Hello, I have the Cruze 1.4T with automatic transmission.

I noticed when first driving out, especially in cold weather, it seems the AT is very slow and unresponsive in moving through the gears. Sometimes I have to push 3000+ RPM's for several seconds before the AT "decides" to upshift to a higher gear.

Is this normal? Has anyone else observed this in their car?
Thanks


----------



## scaredpoet (Nov 29, 2010)

It's normal, actually kinda common on smaller engines. It's going to hang on to the gears longer until the engine temperature warms up.


----------



## racer114 (Nov 7, 2010)

I am experiencing the same now, after the "reflash" for my tranny. It was present before, but not to this degree. Mine goes back tomorrow to get looked at.


----------



## montgom626 (Jan 16, 2011)

Even the almighty, 90K (USD) 2009 AUDI A8L with a six speed auto and 4.2L V8 shifts "rougher" when cold and holds each gear longer when cold. The engine revs higher when cold. In 2 minutes it, runs fine. By cold, <20 degrees F.

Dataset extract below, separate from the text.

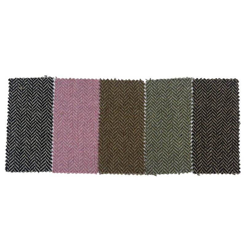 Este tecido, designado artigo 3532, é um tecido jacquard composto por 20% de lã e 80% de outras fibras. Com massa por unidade de área de 500 g/m2, apresenta construção de peso médio a pesado. A superfície rosa apresenta um padrão de espinha de peixe criado através do processo de tecelagem jacquard, que forma motivos precisos em forma de V em todo o tecido. Esta técnica produz uma textura direcional consistente com repetição geométrica definida. A composição da mistura de lã contribui para as propriedades térmicas do tecido e para a retenção da forma. Essas características técnicas resultam em um material com densidade estrutural e clareza de estampa, tornando-o aplicável em calças onde são necessárias definição visual e estabilidade dimensional.

I think it is called "warming" up. 
RGM


----------



## cerbomark (Dec 13, 2010)

minus 16 F today. Shifted a little different for maybe 5 mins and then back to normal. Not a issue.


----------



## Aeroscout977 (Nov 25, 2010)

Yeah like everyone said it's normal. Has to do with the tranny fluid temps mostly. Just let it warm up and it'll be fine.


----------



## GM_6T40_Trans_Engineer (Feb 26, 2011)

Unfortunately, the experiences you are encountering with cold start conditions and shifting are inherent to the first generation design of the 6T40. Best suggestion is to let the vehicle warm up for 2-5 minutes, which will increase the oil temp in the transmission. 

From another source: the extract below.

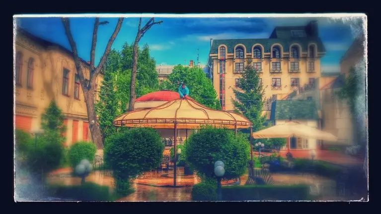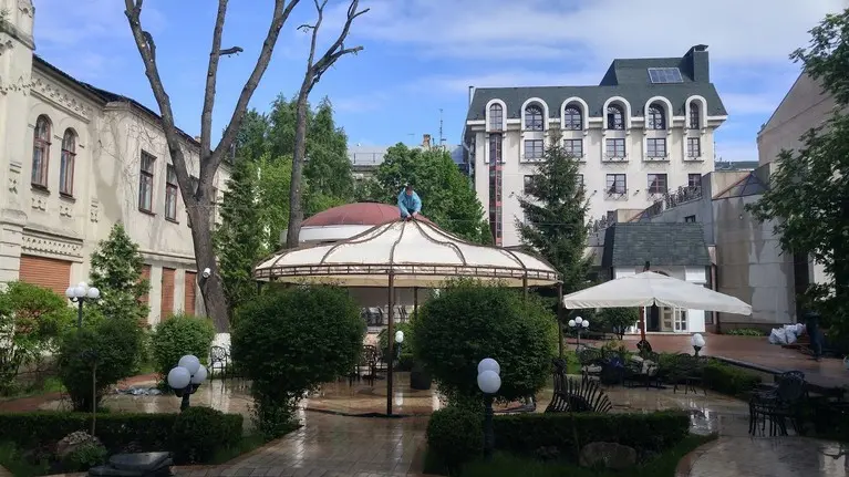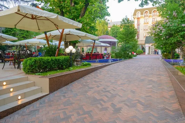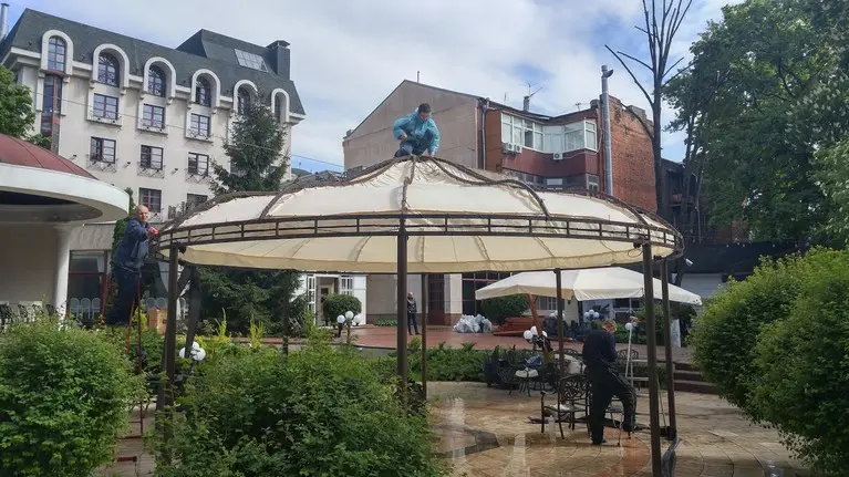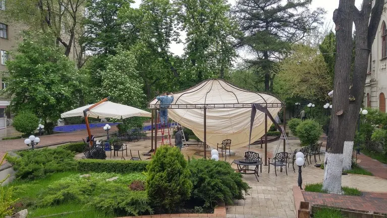 Летняя площадка с шатрами и зонтами.

Customer feedback on this issue has been duly noted and is being corrected in next generation.


----------



## Aeroscout977 (Nov 25, 2010)

^ Don't see that on every forum nice =D


----------



## GM_6T40_Trans_Engineer (Feb 26, 2011)

JDM-USDM Love said:


> ^ Don't see that on every forum nice =D


Well, because we DO care.


----------



## TSURacing (Jan 1, 2011)

GM_6T40_Trans_Engineer said:


> Well, because we DO care.


Its awesome to have you aboard thanks!
What can you tell us about the reflash that is being performed per the TSB. Is this the same parameters that are currently being programmed on production Cruzes? Or is this a unique set of parameters that specifically address customers issues with harsh shifting?

If this is what is currently being built at Lordstown, what was the production cut-off date so people could determine if the reflash would improve their issues?

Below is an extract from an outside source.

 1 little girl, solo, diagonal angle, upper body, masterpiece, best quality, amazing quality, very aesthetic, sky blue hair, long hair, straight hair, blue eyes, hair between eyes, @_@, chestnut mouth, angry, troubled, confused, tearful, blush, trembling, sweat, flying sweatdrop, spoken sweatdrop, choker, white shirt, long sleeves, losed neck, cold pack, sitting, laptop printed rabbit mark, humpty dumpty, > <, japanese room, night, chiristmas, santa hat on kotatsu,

Is there ongoing work to further refine the TCM program?


----------



## robertbick (Jan 1, 2011)

Sweeeeet. An Engineer that knows what he's talking about!


----------



## fastdriver (Jan 7, 2011)

GM_6T40_Trans_Engineer said:


> Unfortunately, the experiences you are encountering with cold start conditions and shifting are inherent to the first generation design of the 6T40. Best suggestion is to let the vehicle warm up for 2-5 minutes, which will increase the oil temp in the transmission.
> 
> Customer feedback on this issue has been duly noted and is being corrected in next generation.


*SADL*Y, this issue *SHOULD* have been noticed in Chevy's *FOUR MILLION MILES* of "testing"!

Why should ANYONE have to wait for the "next generation"?


----------



## 70AARCUDA (Nov 14, 2010)

...and, wasn't 2008 the _first_ generation for the 6T40, when it was _first_ used on the Malibu?

...that'd imply we're already up to the *2nd* or *3rd* generation 6T40...or, we _should_ be?


----------